Ксантиппа дрожала от радости, растроганная и счастливая, когда Алкивиад при этих словах, медленно и твердо опустив сжатые кулаки, гордо выпрямился и задумчиво смотрел куда-то вдаль. Он заговорил опять вкрадчивым, шутливым тоном:

— Согласится ли тогда Ксантиппа быть моей царицей, возле которой я стану отдыхать от тяжких трудов правления? Моей маленькой тайной царицей? Доброй подругой царя Алкивиада, которая не станет кричать, едва только до нее дотронутся?

Ксантиппа закрыла глаза. Ей пришлось схватиться за стену, чтобы не упасть от головокружения. Прекрасные, неведомые до сих пор картины проносились перед нею, вызванные точно волшебством. Она, хромая Ксантиппа, рядом с Алкивиадом! Тут он прикоснулся к ее руке. Она вздрогнула, и открыла глаза. Но ей опять пришлось опустить веки: стоявший перед нею человек ослеплял ее своей красотою. И ей показалось, что все должны склониться перед ним и непременно, признать его своим властелином. Она уже хотела первая сделать это, но вдруг в ней проснулся гнев; она снова открыла глаза и заговорила:

— Я передам своему мужу то, что предназначалось для него… Мой же ответ вы должны получить немедленно, будущий царь и повелитель! Я, во-первых, за демократию, а кроме того, женщина низшего класса. Кто покушается на нашу свободу, тот не может дорожить какой-нибудь Ксантиппой. Но пусть он также и не называет меня своей подругой!

— Неужели вы такая демократка? Вот уж никак не ожидал! Во всяком случае, это меня радует. Если бы с вами было можно еще поспорить о политике, вы превзошли бы Аспазию привлекательностью, как и без того превосходите ее красотой.

Ксантиппа бросила на него испытующий взгляд. Она чувствовала себя сегодня и молодой, и любящей, и женственной, и сознавала, что это необычное настроение отражается на ее наружности. Конечно, ничего подобного не случилось бы с нею, если бы не ухаживания Алкивиада. Однако молодая женщина чутко уловила фальшь его речей и печально заметила:

— Не станем говорить об этом! Ведь вы лжете. Что вам от меня нужно?
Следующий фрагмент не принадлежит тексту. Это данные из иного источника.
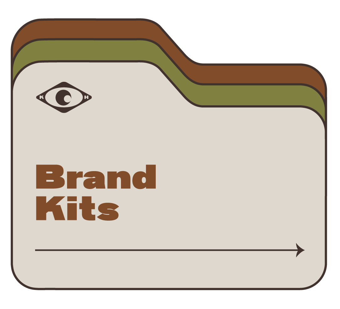 • Stylized graphic design with layered shapes in brown, green, and beige, featuring a black and white eye symbol with the letters 'K' and 'H' inside, and the text 'Brand Kits' written in bold brown font.
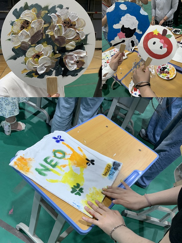 为了增强凝聚力,丰富同学们的课余活动,同时激发学生的创造力和手工能力,“DIY”活动使同学们在动手实践中体验到制作的乐趣,享受亲手制作成品的成就感,以及与同学间的互动交流。本活动提供白色帆布包和白色纸扇用颜料画笔让参与者自行创作,绘制个性图案。
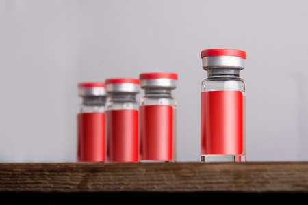 Empty glass jars of coronavirus vaccines. No people

Алкивиад пожал плечами и присел опять на край камня. Сердито поигрывая мечом, он произнес, наконец, после некоторой паузы:

— Я всегда лгу, когда говорю о любви, потому что пресытился наслаждениями с пятнадцати лет. Но, право, меня бесит, что я вынужден открывать свое сердце перед бессердечной женщиной, чуждой всякого увлечения! А между тем вы одна будите во мне нечто похожее на чувство молодости. Впрочем, я отложу осаду Ксантиппы до мирного времени. Но вы должны помочь мне перетянуть Сократа на мою сторону, если не ради меня и моей любви, то ради его же собственной пользы.

Ксантиппа вопросительно взглянула на Алкивиада. Политика была ей чужда, однако, если бы Сократ зависел от политических дел, она старательно вникала бы в них. Алкивиад нетерпеливо зашагал опять по тесному сарайчику.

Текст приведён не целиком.